Sea, land and air blockade of Yemen by the Saudi-led coalition

The blockade of Yemen refers to a sea, land and air blockade on Yemen which started with the positioning of Saudi warships in Yemeni waters in 2015 with the Saudi-led intervention in Yemen. In November 2017, after a Houthi missile heading towards King Khalid International Airport was intercepted, the Saudi-led military coalition stated it would close all sea land and air ports to Yemen, but shortly began reopening them after criticism from the United Nations and over 20 aid groups and some humanitarian supplies were allowed into the country. In March 2021, Saudi Arabia denied the blockade continued, however, UN authorized ships continued to be delayed by Saudi warships. On 30 December 2025, the Yemeni Presidential Leadership Council declared a 72h long air, sea, and land blockade in face of the 2025 Southern Yemen offensive.

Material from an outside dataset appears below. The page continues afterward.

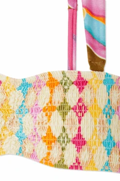 With thick straps and its stretchy sheered fabric this abstract bikini top it is the perfect choice for those wanting a bit of extra support. Pair with our matching abstract tie waist bottoms or for more coverage our abstract high waist swim brief.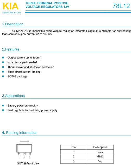 三端穩壓管-三端穩壓管7812中文資料及穩壓電源電路圖 引腳圖-KIA MOS管

The blockade has contributed to the current famine in Yemen, which the United Nations said may become the deadliest famine in decades. The World Health Organization announced in 2017, that the number of suspected persons with cholera in Yemen reached approximately 500,000 people. In 2018, Save the Children estimated that 85,000 children have died due to starvation in the three years prior.

==Background==

A military intervention was launched by Saudi Arabia in March 2015, which was leading a coalition of nine countries from the Middle East and Africa, in order to influence the outcome of the Yemeni civil war in favor of President Abdrabbuh Mansur Hadi's government.
The intervention code-named "Operation Decisive Storm" included a bombing campaign and subsequently saw a naval blockade and likewise deploying ground forces in Yemen. As a result of that, there have been many innocent women and children killed, as well as Houthi fighters.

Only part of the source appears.